§ **WHAT THE TASK ASKS**
The lines below from the one with "2・PSP→GAMEフォルダ" up to and including the one with "Uhr, Kinderuhr aus" are what you should set down, exactly and without pictures.

**** SUPPLIED INFORMATION

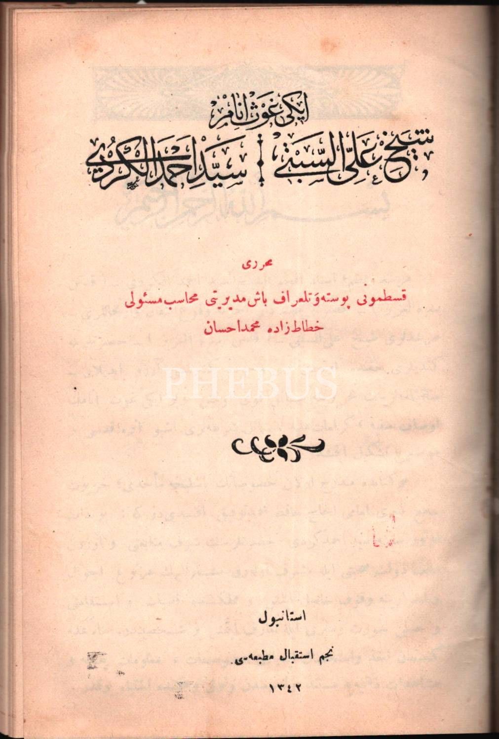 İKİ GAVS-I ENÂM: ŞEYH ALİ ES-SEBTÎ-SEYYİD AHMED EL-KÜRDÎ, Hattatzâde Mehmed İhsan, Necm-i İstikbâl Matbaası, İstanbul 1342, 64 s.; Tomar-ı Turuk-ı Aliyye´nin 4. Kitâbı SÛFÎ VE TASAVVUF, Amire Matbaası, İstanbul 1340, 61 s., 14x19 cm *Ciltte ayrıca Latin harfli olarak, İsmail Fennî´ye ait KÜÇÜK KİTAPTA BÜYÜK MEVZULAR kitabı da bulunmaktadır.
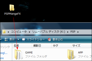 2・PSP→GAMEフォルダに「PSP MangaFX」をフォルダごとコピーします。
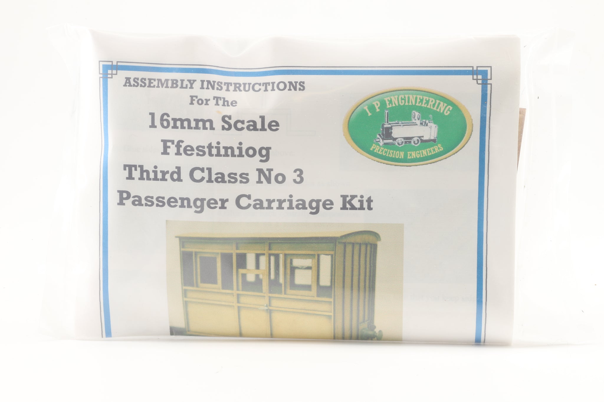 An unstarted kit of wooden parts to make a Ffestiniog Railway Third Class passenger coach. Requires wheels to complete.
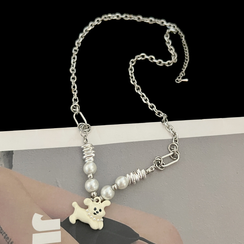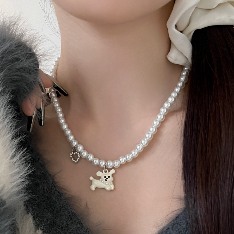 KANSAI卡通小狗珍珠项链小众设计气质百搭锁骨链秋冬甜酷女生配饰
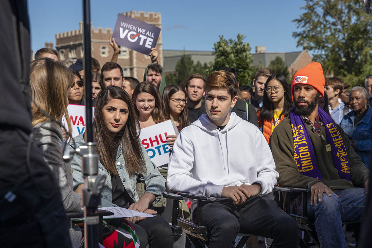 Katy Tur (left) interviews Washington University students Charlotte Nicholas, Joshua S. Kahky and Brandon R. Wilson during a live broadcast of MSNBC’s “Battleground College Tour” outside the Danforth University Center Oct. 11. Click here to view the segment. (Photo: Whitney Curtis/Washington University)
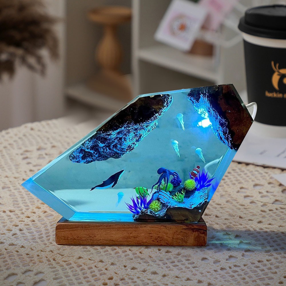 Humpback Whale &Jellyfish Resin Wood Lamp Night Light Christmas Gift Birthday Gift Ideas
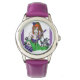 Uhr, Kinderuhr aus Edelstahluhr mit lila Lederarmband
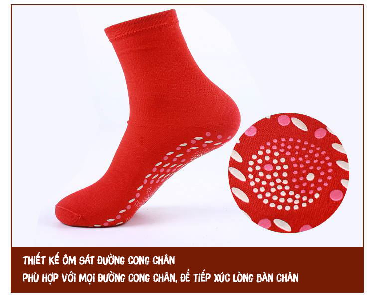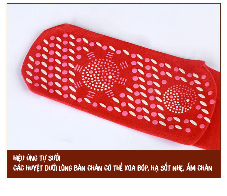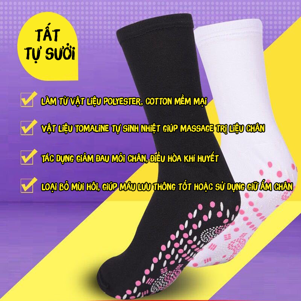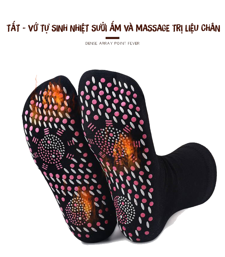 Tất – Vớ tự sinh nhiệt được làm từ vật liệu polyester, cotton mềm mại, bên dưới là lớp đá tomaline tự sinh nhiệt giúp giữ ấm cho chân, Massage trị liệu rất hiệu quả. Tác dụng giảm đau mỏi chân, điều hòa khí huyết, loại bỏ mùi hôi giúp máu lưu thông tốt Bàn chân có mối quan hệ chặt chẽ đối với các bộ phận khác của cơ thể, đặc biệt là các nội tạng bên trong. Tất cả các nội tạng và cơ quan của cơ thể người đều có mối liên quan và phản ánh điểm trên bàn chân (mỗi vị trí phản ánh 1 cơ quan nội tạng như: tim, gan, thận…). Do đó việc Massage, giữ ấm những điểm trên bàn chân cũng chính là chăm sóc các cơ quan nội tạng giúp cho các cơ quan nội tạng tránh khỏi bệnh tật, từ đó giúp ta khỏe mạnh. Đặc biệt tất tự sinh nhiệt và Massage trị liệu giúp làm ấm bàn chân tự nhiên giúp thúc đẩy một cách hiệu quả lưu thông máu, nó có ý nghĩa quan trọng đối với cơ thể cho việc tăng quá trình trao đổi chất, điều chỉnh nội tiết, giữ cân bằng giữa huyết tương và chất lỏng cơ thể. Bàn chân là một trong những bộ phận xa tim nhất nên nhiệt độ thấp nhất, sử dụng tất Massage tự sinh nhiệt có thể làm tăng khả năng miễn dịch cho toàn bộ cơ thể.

********

§ **TASK ANSWER**
 2・PSP→GAMEフォルダに「PSP MangaFX」をフォルダごとコピーします。
 An unstarted kit of wooden parts to make a Ffestiniog Railway Third Class passenger coach. Requires wheels to complete.
 KANSAI卡通小狗珍珠项链小众设计气质百搭锁骨链秋冬甜酷女生配饰
 Katy Tur (left) interviews Washington University students Charlotte Nicholas, Joshua S. Kahky and Brandon R. Wilson during a live broadcast of MSNBC’s “Battleground College Tour” outside the Danforth University Center Oct. 11. Click here to view the segment. (Photo: Whitney Curtis/Washington University)
 Humpback Whale &Jellyfish Resin Wood Lamp Night Light Christmas Gift Birthday Gift Ideas
 Uhr, Kinderuhr aus Edelstahluhr mit lila Lederarmband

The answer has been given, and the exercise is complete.